I find this really interesting to contemplate alongside Scrotumgate. Real large-scale censorship, where books are made generally unavailable to most readers, doesn't really happen anymore. We don't have court cases over whether books can be sold, as we once did. Instead, we wage battles in the media over literally one or two copies of a book (or even of one or two promises not to buy the book, in the case of Scrotumgate), the overall effect of which is to sell more copies of the book.


Back in the 1920s (don't quote me on the decade here -- I didn't double-check), publishers were totally jazzed if their books were banned in Boston because it drove sales up. If a book challenge (or controversy -- when the James Frey thing hit, patrons flocked to the library for AMLP) gets lots of press (like Scrotumgate), then I would assume that the same thing would happen now.

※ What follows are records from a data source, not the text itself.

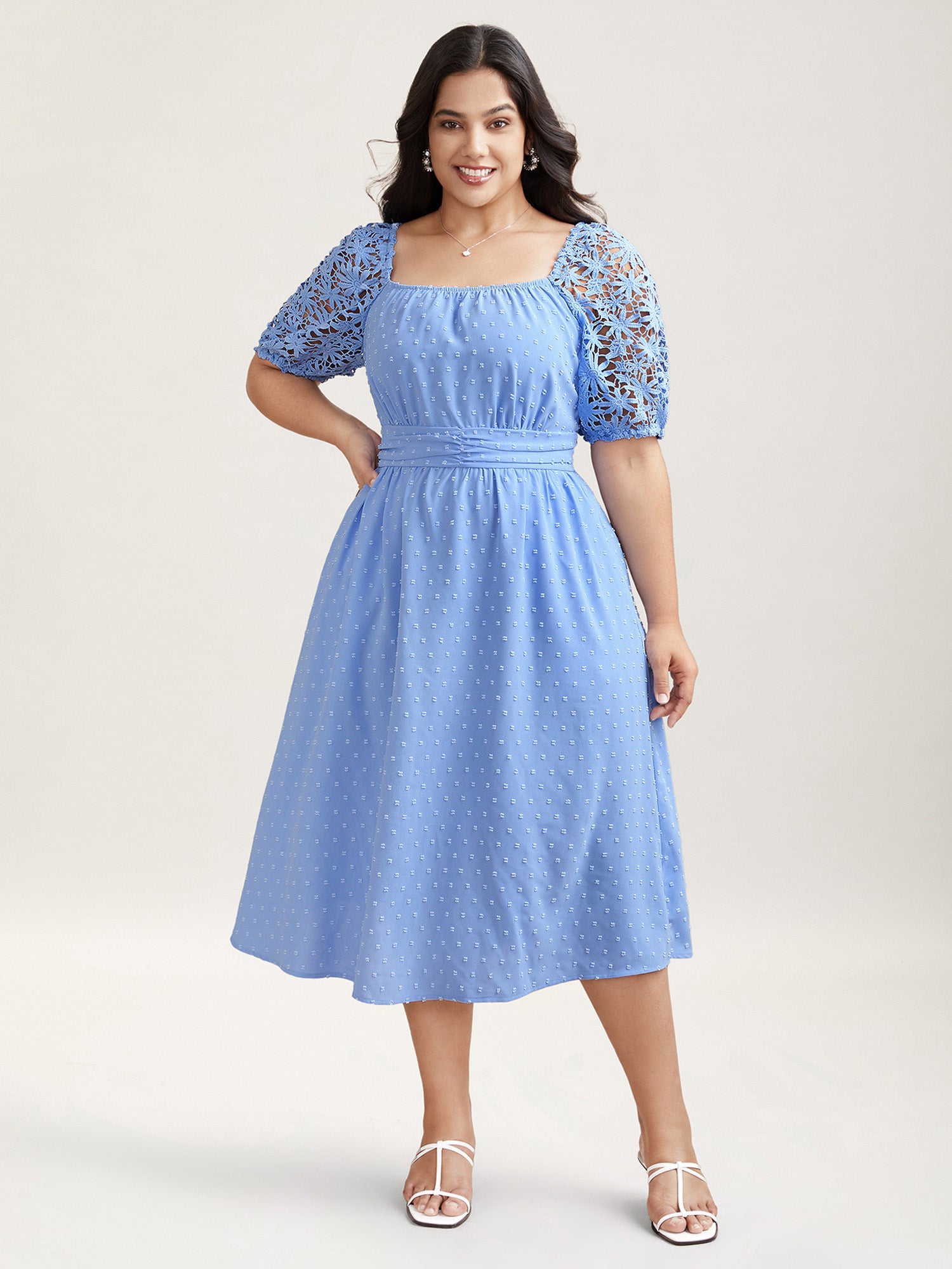• Textured Lace Sleeve Stretchy Waist Midi Dress
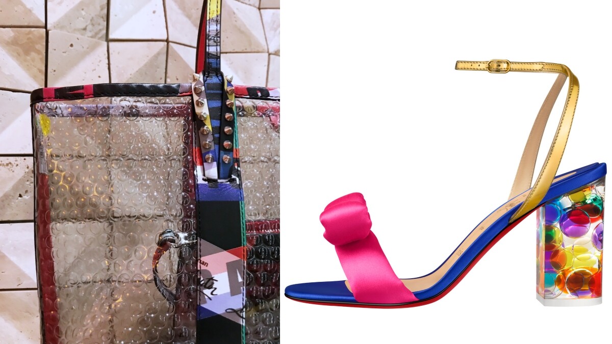 一向喜愛將旅遊時看見的美好新鮮事物融入作品中的Christian Louboutin先生,這回延續此設計發想,將陽光明媚的葡萄牙和覆滿白雪的喜馬拉雅草原設為創作衍生,打造出一雙雙充滿故事性的精美鞋履。像是充滿度假氣息的藤編加上Christian Louboutin旅行中拍攝的獨家回憶,均巧妙的結合成了活潑感滿載的鞋履,上頭甚至能看見Christian Louboutin先生本人的可愛照片喔。抑或是樂園中的繽紛氣球們,在經過Christian Louboutin先生的設計後,成了鞋跟上的夢幻裝點,尤其在燈光的照耀下更顯動人!然而喜愛旅遊的Christian Louboutin先生也特地將打包時時常用上的泡泡紙做為包身的設計發想,研發出猶如真的泡泡紙的透明材質,既獨特又新鮮!
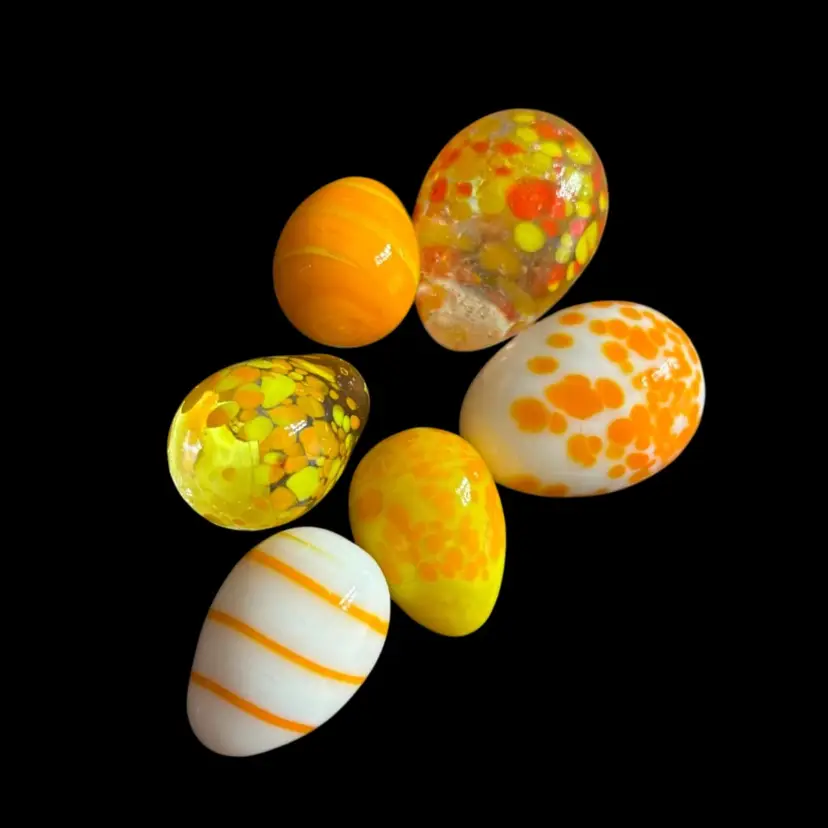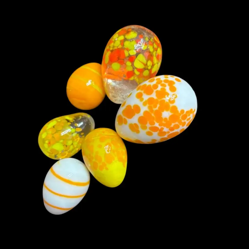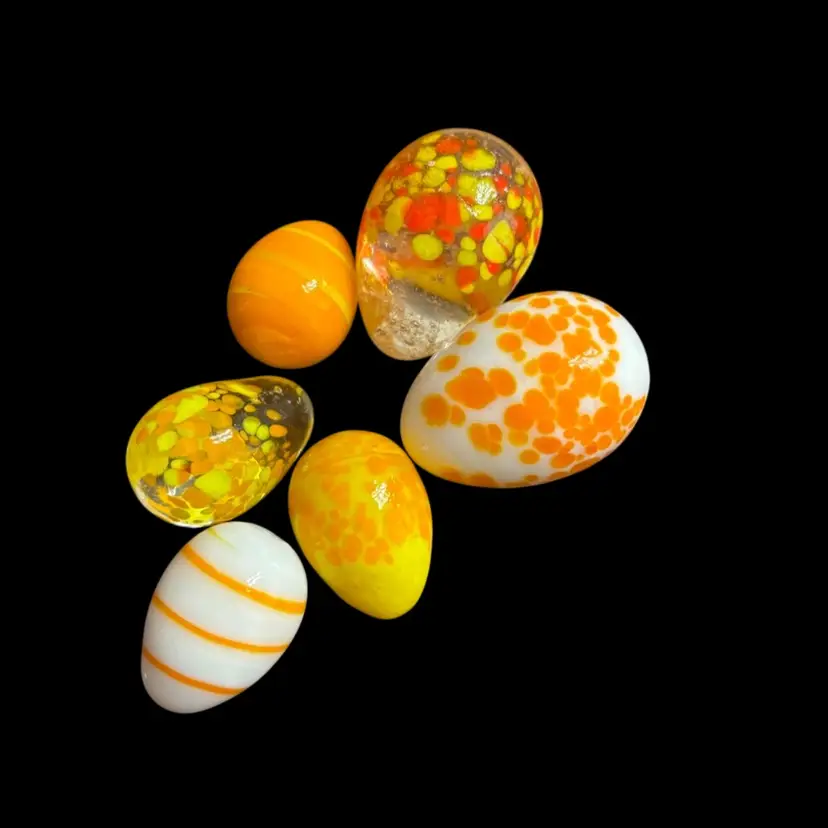 Lovely lot of glass eggs, orange, white and clear colours. 1-1.5”

I think Scrotumgate is different from most current book challenges because of the publicity -- usually, the story doesn't make it out of the local news (unless it's a Harry Potter book), if it even makes it that far. It's my understanding that the silent removal of books from library shelves is much more common than a public and loud one. Ick either way, really.

I can't believe I just used the word Scrotumgate.

*And because of the fact that it is librarians saying they aren't going to buy a critically acclaimed, Newbery Award winning book for their library on the basis of one word. Then again, I've heard through the grapevine that at least one of the librarians quoted in the NYT article was horribly misquoted/taken out of context, so the whole thing could possibly be a mountain/molehill situation. But, given the plethora of book complaints I run across, I doubt it.

Phew. Too much thinking too early in the morning.

Lady S

I am dying! That is too funny! Cause you know, it would never occur to the librarian to just buy another copy.

I wasn't born during Watergate, I was too young during Whitewatergate, but I love that I living through Scrotumgate!

And hey, I like me some early VC Andrews. Sometimes you just need something kind of crappy to read.